[Problem] As the answer, give exactly the lines of the records below from the one with "It is designed" through the one with "Цокольный этаж: 1", ends included and pictures left out.

[Input]
------
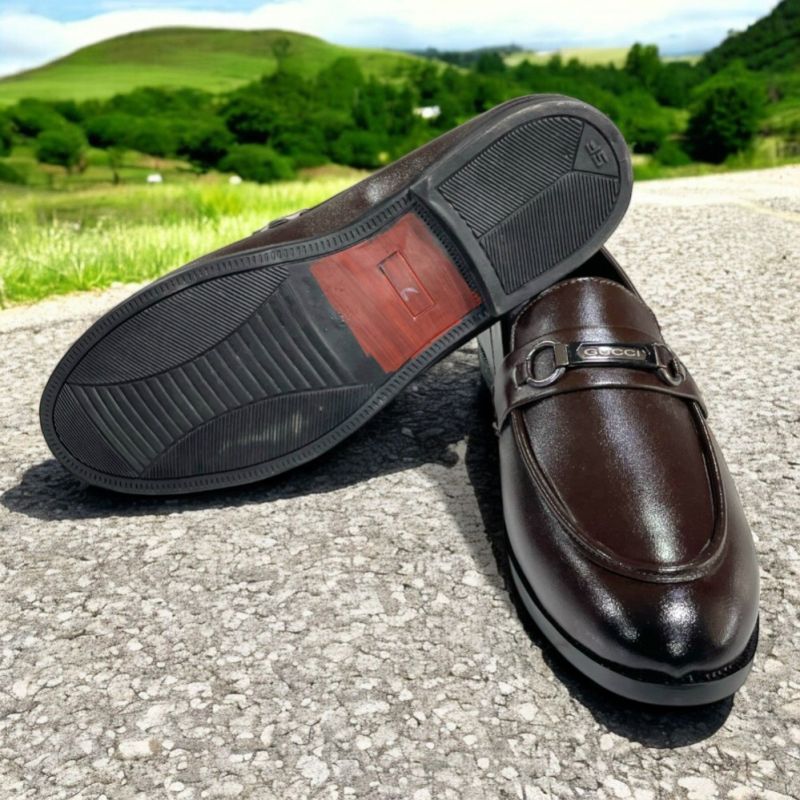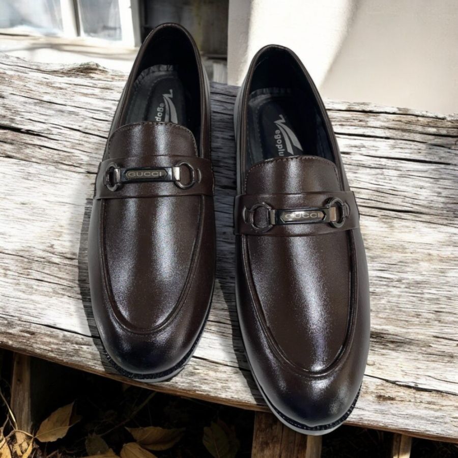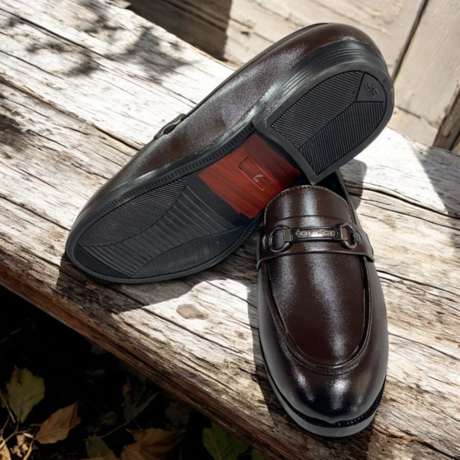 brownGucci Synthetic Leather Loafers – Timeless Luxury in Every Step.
------
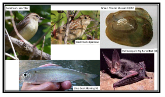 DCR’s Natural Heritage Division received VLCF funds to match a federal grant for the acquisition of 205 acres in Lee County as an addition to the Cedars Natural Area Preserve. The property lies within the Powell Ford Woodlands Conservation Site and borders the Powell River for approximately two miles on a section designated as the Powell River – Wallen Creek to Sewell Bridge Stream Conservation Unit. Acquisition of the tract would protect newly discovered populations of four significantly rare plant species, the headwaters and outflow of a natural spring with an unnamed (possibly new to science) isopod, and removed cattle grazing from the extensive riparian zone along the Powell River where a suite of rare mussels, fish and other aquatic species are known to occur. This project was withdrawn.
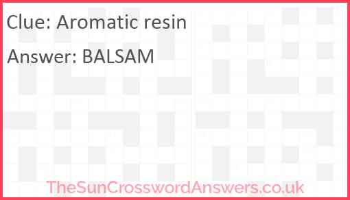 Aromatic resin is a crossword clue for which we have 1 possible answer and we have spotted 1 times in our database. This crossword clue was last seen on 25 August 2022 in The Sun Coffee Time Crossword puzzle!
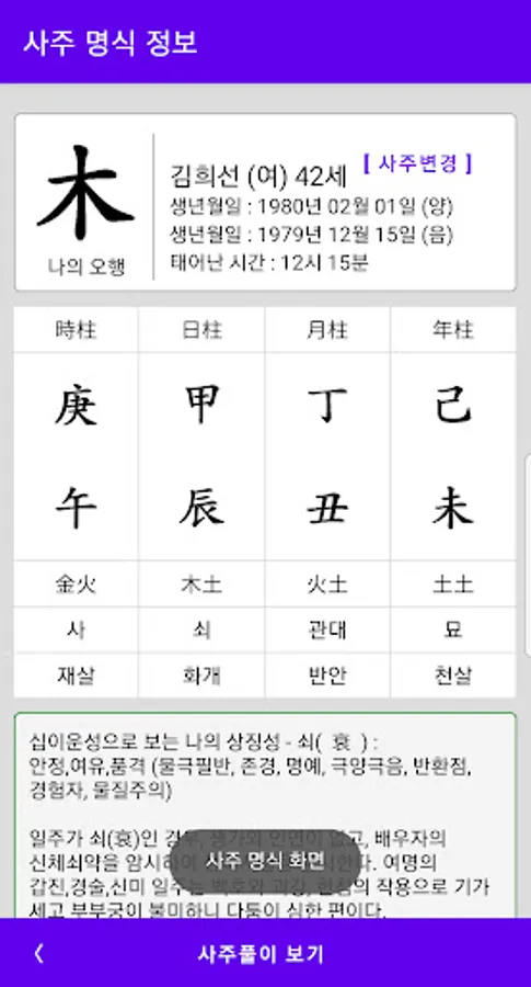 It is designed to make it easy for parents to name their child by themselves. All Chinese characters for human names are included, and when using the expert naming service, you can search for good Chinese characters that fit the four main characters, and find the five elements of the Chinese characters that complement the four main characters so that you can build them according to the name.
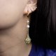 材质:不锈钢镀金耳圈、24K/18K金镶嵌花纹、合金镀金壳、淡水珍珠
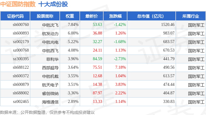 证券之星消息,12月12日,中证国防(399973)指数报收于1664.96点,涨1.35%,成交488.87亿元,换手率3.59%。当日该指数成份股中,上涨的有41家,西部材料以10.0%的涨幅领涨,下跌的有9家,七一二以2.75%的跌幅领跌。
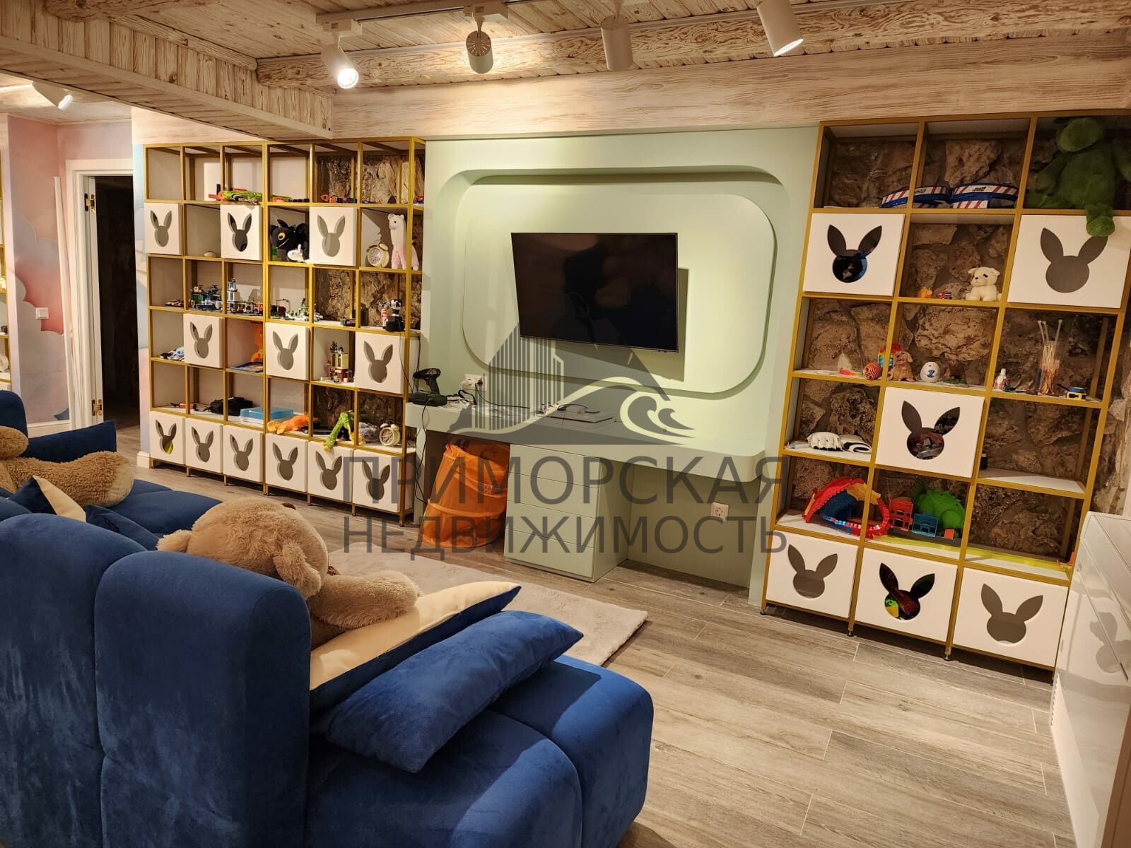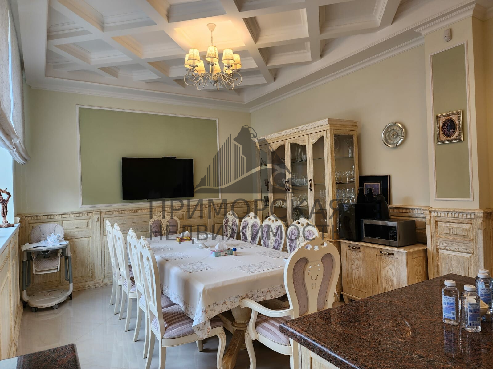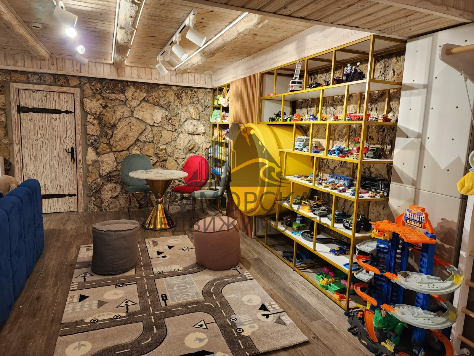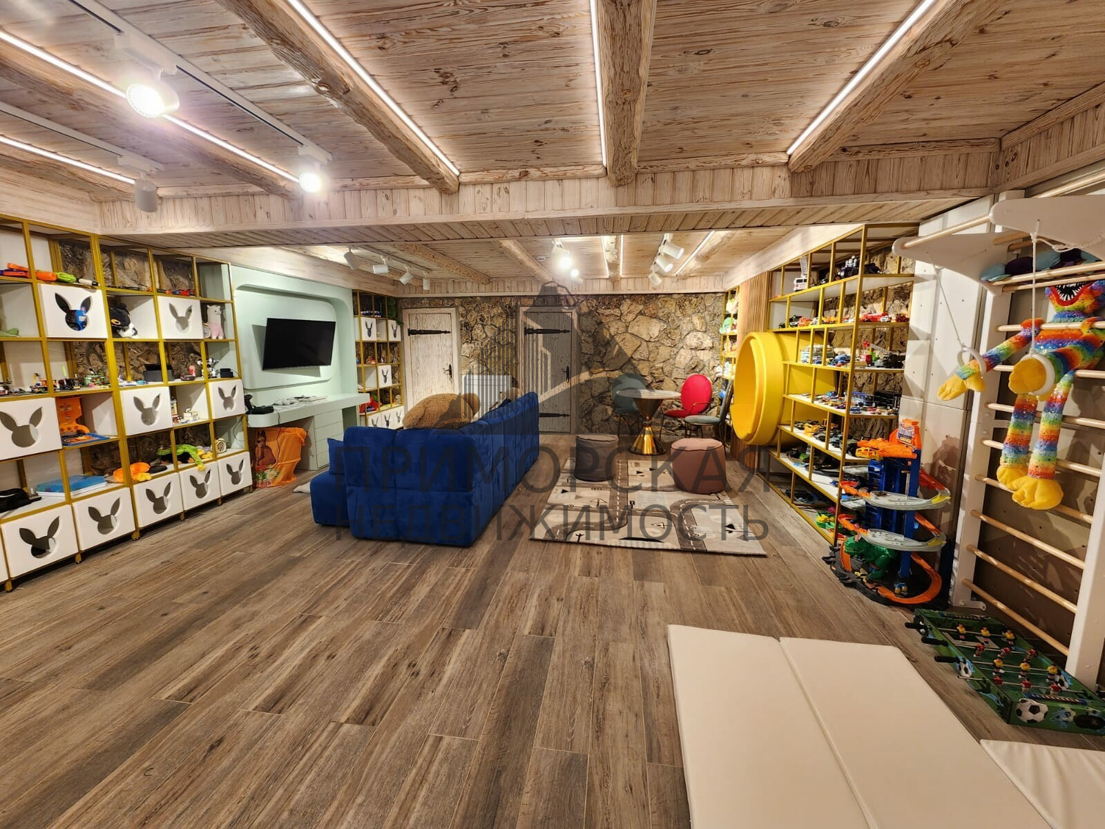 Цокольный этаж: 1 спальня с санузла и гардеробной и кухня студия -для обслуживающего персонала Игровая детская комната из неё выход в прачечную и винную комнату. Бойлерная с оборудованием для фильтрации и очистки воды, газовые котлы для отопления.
------
[Written solution]
 It is designed to make it easy for parents to name their child by themselves. All Chinese characters for human names are included, and when using the expert naming service, you can search for good Chinese characters that fit the four main characters, and find the five elements of the Chinese characters that complement the four main characters so that you can build them according to the name.
 材质:不锈钢镀金耳圈、24K/18K金镶嵌花纹、合金镀金壳、淡水珍珠
 证券之星消息,12月12日,中证国防(399973)指数报收于1664.96点,涨1.35%,成交488.87亿元,换手率3.59%。当日该指数成份股中,上涨的有41家,西部材料以10.0%的涨幅领涨,下跌的有9家,七一二以2.75%的跌幅领跌。
 Цокольный этаж: 1 спальня с санузла и гардеробной и кухня студия -для обслуживающего персонала Игровая детская комната из неё выход в прачечную и винную комнату. Бойлерная с оборудованием для фильтрации и очистки воды, газовые котлы для отопления.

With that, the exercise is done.